Principles of natural justice demand that the right of a party should not be
affected without giving it an opportunity to be heard.
The test is the presence of
opportunity to be heard, as well as to have time to study the motion and
meaningfully oppose or controvert the grounds upon which it is based. x x x
A close perusal of the records reveal that the trial court gave
petitioner ten days within which to comment on respondent’s Motion for
Reconsideration. Petitioner filed its Opposition to the Motion on November 26,
2001. In its 14-page Opposition, it not only pointed out that the Motion was
defective for not containing a notice of hearing and should then be dismissed
outright by the court; it also ventilated its substantial arguments against the
merits of the Motion and of the Supplemental Motion for Reconsideration.
Notably, its arguments were recited at length in the trial court’s January 8,
2002 Joint Resolution. Nevertheless, the court proceeded to deny the Motions on
the sole ground that they did not contain any notice of hearing.
The requirement of notice of time and hearing in the pleading filed by a
party is necessary only to apprise the other of the actions of the former.
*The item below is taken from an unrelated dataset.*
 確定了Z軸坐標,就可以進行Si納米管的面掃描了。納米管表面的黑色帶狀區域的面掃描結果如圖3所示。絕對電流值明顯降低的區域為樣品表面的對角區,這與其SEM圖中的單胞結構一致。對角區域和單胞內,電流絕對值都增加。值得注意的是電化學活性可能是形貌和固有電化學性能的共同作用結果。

In Fausto Preysler, Jr. vs. Manila Southcoast Development Corporation,
the Court of Appeals ruled that petitioner failed to comply with the three-day
notice rule. However, the Court of Appeals overlooked the fact that although
respondent received petitioner’s Motion for Reconsideration six days after the
scheduled hearing on 26 February 2004, the said hearing was reset three (3)
times with due notice to the parties. Thus, it was only on 6 August 2004, or
more than five months after respondent received a copy of petitioner’s Motion
for Reconsideration, that the motion was heard by the RTC. Clearly, respondent
had more than sufficient time to oppose petitioner’s Motion for
Reconsideration. In fact, respondent did oppose the motion when it filed its
Motion to Dismiss dated 9 August 2004. In view of the circumstances of this
case, we find that there was substantial compliance with procedural due
process. Instead of dismissing petitioner’s Motion for Reconsideration based
merely on the alleged procedural lapses, the RTC should have resolved the
motion based on the merits.
Under the circumstances of the present case, the purpose of a notice of
hearing was served (Id. at 788-790). (Emphasis supplied)
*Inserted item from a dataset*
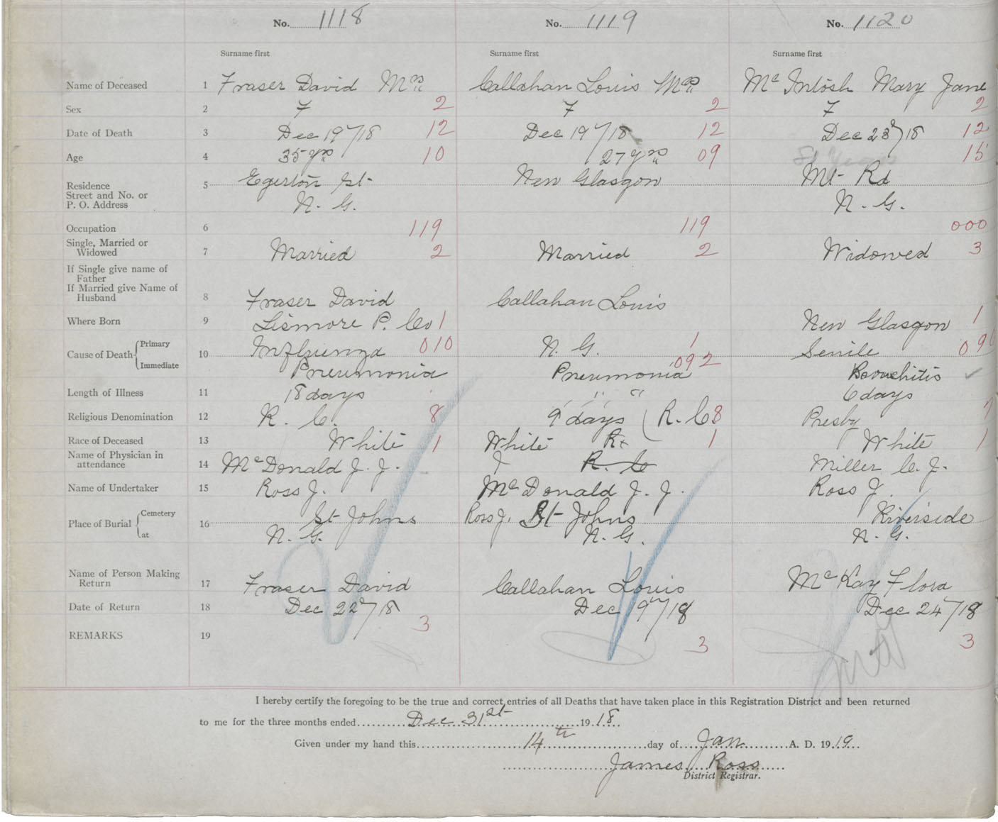 Death Registration: Year: 1918 book: 45 page: 320 number: 1118

Section 4 of Rule 15 provides that "[e]very
written motion required to be heard and the notice of the hearing thereof shall
be served in such a manner as to ensure its receipt by the other party at least
three (3) days before the date of the hearing, unless the court for good cause
sets the hearing on shorter notice."
Thus, the date of the hearing should be at least three days after
receipt of the notice of hearing by the other parties. In this case, the
petitioner’s Omnibus Motion was set for hearing on 12 November 2004.
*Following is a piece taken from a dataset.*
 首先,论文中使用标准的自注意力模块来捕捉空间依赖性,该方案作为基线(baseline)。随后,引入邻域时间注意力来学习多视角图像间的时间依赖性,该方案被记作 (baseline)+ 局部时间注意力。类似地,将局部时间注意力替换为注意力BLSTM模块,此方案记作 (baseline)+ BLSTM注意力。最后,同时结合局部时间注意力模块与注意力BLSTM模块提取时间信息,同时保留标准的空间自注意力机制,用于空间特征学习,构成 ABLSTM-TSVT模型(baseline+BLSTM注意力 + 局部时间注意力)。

Thus, to comply with the notice requirement, respondent should have
received the notice of the hearing at least three days before 12 November 2004,
which is 9 November 2004. Clearly, respondent’s receipt on 9 November 2004
(Tuesday) of the notice of hearing of the Omnibus Motion which was set to be
heard on 12 November 2004 (Friday), was within the required minimum three-days’
notice.
As explained by Retired Justice Jose Y. Feria in his
book, Civil Procedure Annotated, when the notice of hearing should be given:
The ordinary motion day is Friday. Hence, the notice should be served by
Tuesday at the latest, in order that the requirement of the three days may be
complied with.
If notice be given by ordinary mail, it should be actually received by
Tuesday, or if not claimed from the post office, the dat(Emphasis supplied) e
of the first notice of the postmaster should be at least five (5) days before
Tuesday [1 J. Feria & M.C. Noche, Civil Procedure Annotated,
405-406 (2001)]. (FAUSTO
R. PREYSLER, JR. vs. MANILA SOUTHCOAST DEVELOPMENT CORPORATION, G.R. No.